Britain's top shares edged up 0.2 percent by midday on Monday as energy firms and drugmakers gained ahead of third-quarter earnings this week, outpacing a decline in banks and life insurers.

At 1150 GMT, the FTSE 100 .FTSE was up 10.90 points at 5,253.47 points. Gains were exaggerated by thin volumes, with the index trading at just 24 percent of its average 90-day trading volume.

Energy firms added the most points to the index as crude prices hovered CLc1 around $80. BP (BP.L) and BG Group (BG.L), which report third-quarter earnings on Tuesday and Wednesday respectively, were up 0.7 and 0.1 percent while Royal Dutch Shell (RDSa.L) and Tullow Oil (TLW.L) put on around 0.7 percent each.

Drugmakers also saw good demand ahead of third-quarter numbers from the sector.

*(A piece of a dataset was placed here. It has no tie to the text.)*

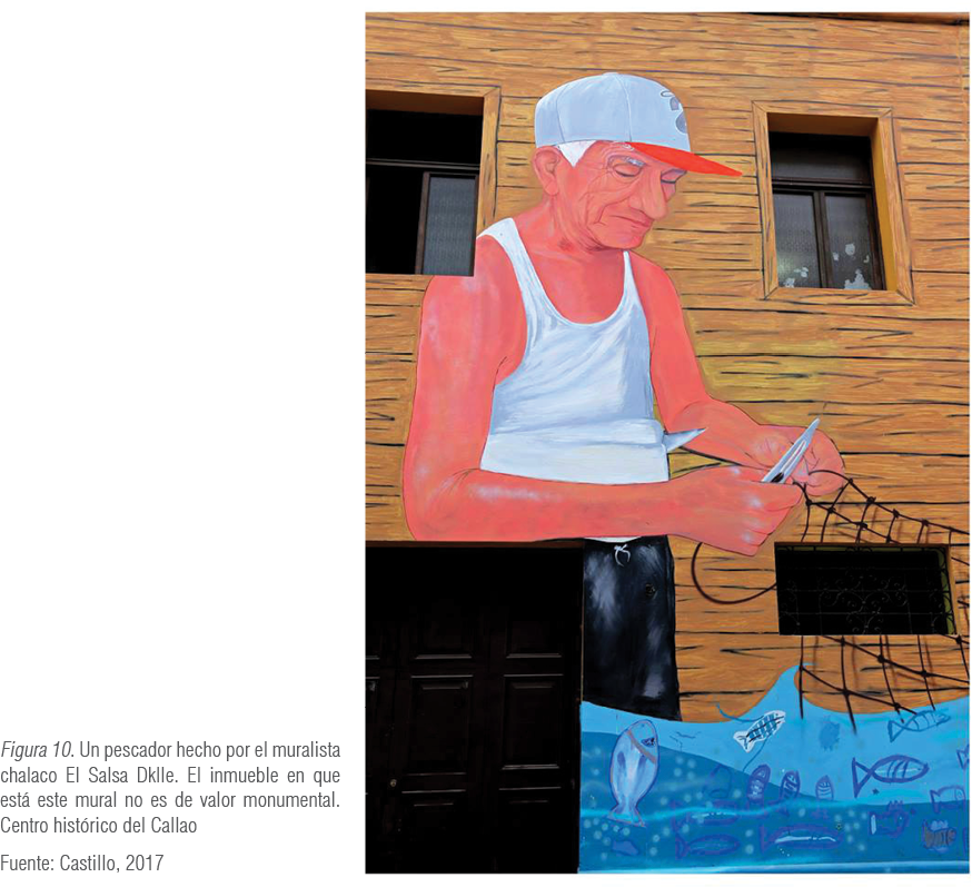 Se encontró también otro tipo de murales, pintados esta vez por el artista El Salsa DKlle, uno de los más conocidos del Callao. Su grafiti expresa netamente retratos de chalacos, en su mayoría víctimas de la delincuencia (figura 11). A continuación, una imagen del mural mejor trabajado de este artista (figura 10). Se trata de un personaje que cualquiera puede identificar netamente como chalaco, pues representa una de las actividades más importantes del puerto del Callao: el tejido de redes para la pesca. Expresar en la totalidad del inmueble este personaje —quien es, por cierto, vecino chalaco y padre del muralista— revive la calle donde se sitúa; sin embargo, como se mencionó anteriormente, para conservar la actividad del lugar es importante que exista un uso comercial o cultural que haga de su recorrido una necesidad.
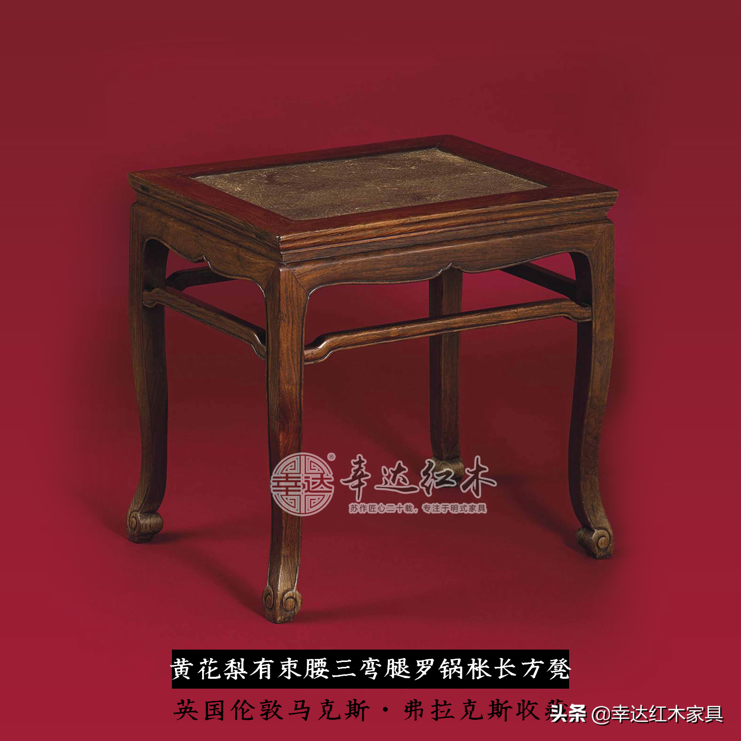 下图这一款,名字就是“明黄花梨有束腰三弯腿罗锅枨长方凳”。

Shire (SHP.L), AstraZeneca (AZN.L) and GlaxoSmithKline (GSK.L) were up 0.2 to 2.5 percent.

Shire got a boost from news that the U.S. Food & Drug Administration has determined that the firm's key attention deficit disorder treatment, Vyvanse, was properly granted five-year market exclusivity. 

With the U.S. reporting season in full swing, analysts said investors are now focused on third-quarter results from UK firms this week which would dictate the direction for equities.

This (is) ... the first week when the UK corporate reporting season really gets into full swing, said Richard Hunter, head of UK equities at Hargreaves Lansdown.

Most investors are going to be keeping their powder dry until they digest the many corporate results we have got coming on stream as the week progresses.

Defensive issues also lent some support to the index, with heavyweight Vodafone (VOD.L) up 0.5 percent and household cleaning products firm Reckitt Benckiser (RB.L) up 1.5 percent.

Cable & Wireless (CW.L) rose 2.3 percent, benefiting from a report in the Sunday Times that the company has revived plans for a 3.6 billion pound demerger, a year after putting a proposed split on hold.


Banking stocks were on the back foot, led by falls in part-nationalised lenders Lloyds Banking Group (LLOY.L) and Royal Bank of Scotland (RBS.L), which were down 4.3 and 3.1 percent, as cash call concerns continued to worry investors.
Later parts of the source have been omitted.